La scomparsa di Enzo Collotti

di Brunello Mantelli

L’altro ieri è mancato un grande storico dell’età contemporanea, Enzo Collotti, capofila e maestro della storiografia germanistica italiana.
Tra i suoi campi di studio: i fascismi europei, la Shoah, l’austromarxismo, l’internazionale operaia e socialista (IOS), il Linksozialismus (socialismo di sinistra, distinto dalla socialdemocrazia e dal comunismo di osservanza bolscevico-sovietica), la storia della Germania nei suoi vari e complessi aspetti.
Un maestro.
Cho voglia accostarsi ai suoi studi ne trarrà gran profitto.

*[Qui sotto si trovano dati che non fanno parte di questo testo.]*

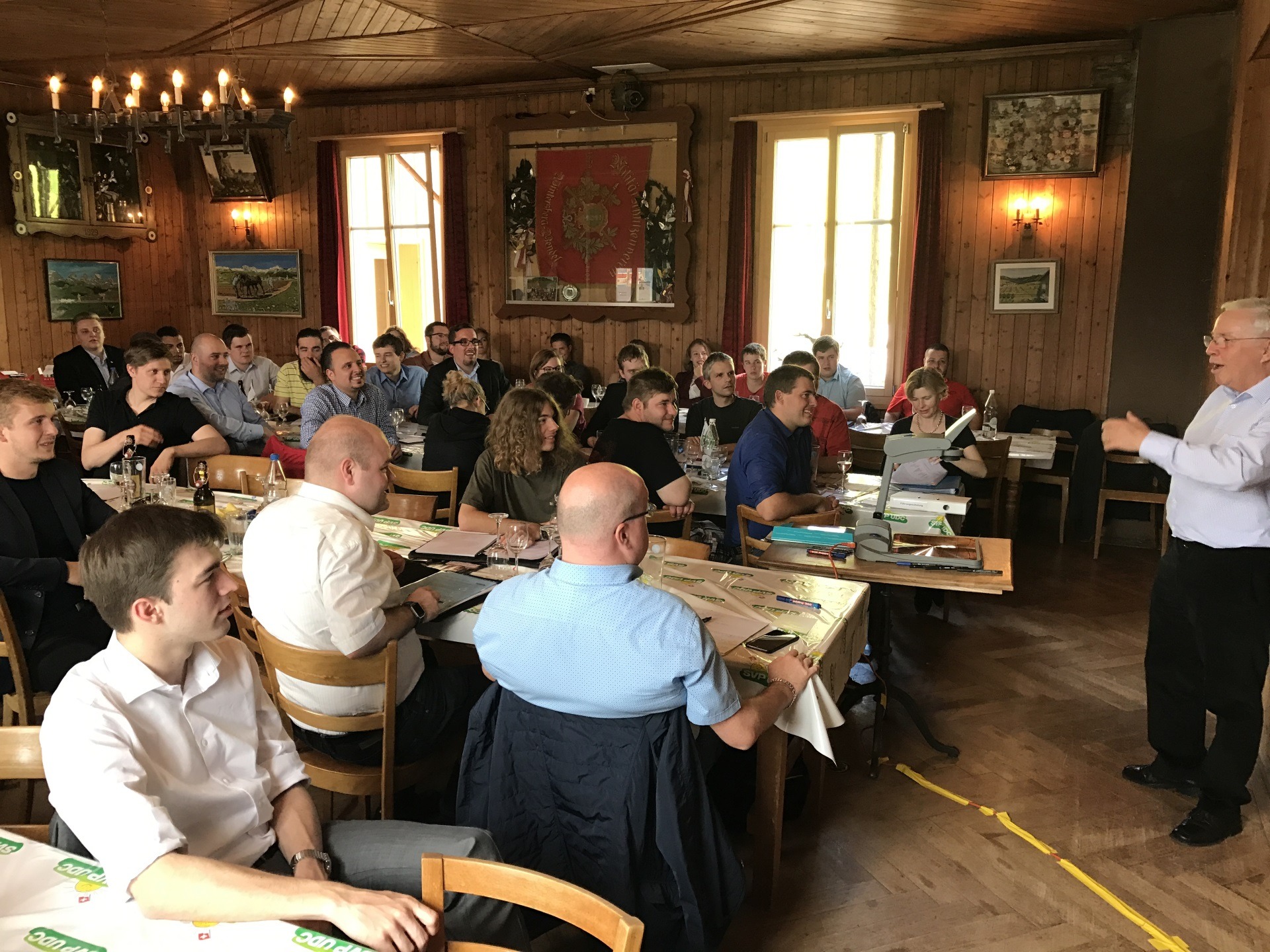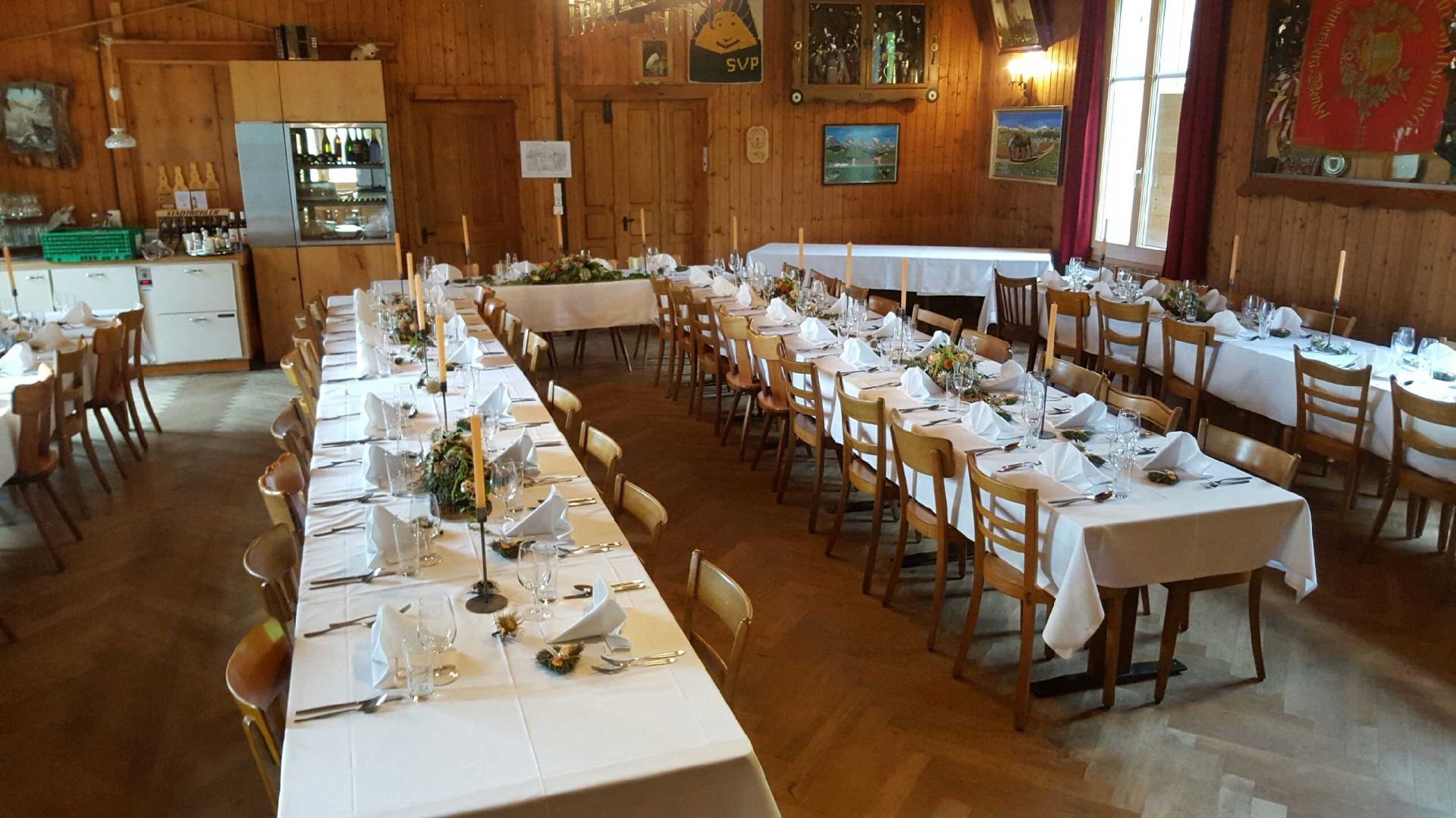 Der altehrwürdige Saal bietet Platz bis zu 80 Personen. Man muss heutzutage in der Ostschweiz ein solches Schmuckstück eines alten Saales suchen. Besonders geeignet ist er für Familienfeiern, Feste, Seminare und Unterhaltungen. Zum Saal gehört eine grosse Bühne mit Vorhang. Ob Musik, Tanz, Vorträge oder die Bühne für Referenten, hier ist man Aug in Aug mit allen im Saal. Der Saal hat eine ganz spezielle Atmosphäre. Erkundigen Sie sich nach den Möglichkeiten, wir gehen individuell auf Ihre Wünsche und Anliegen ein.

Si eviti però di prestare attenzione a ciò che su di lui han scritto in questi giorni i quotidiani, svolazzando dalla volgarità, all’ignoranza, alla cialtroneria, al riduzionismo, da “Il Corriere della Sera” dove Antonio Carioti non si trattiene dall’ascrivergli una “qualche simpatia per la DDR”, a “Il manifesto” che ne riduce il polivalente e vastissimo ventaglio di interessi a quello di mero “storico della Resistenza”, inducendo quindi il lettore ignaro a prenderlo per uno qualsiasi.
Vergognatevi, gazzettieri. Parlate d’altro quando non sapete di qualcuno e qualcosa un accidente.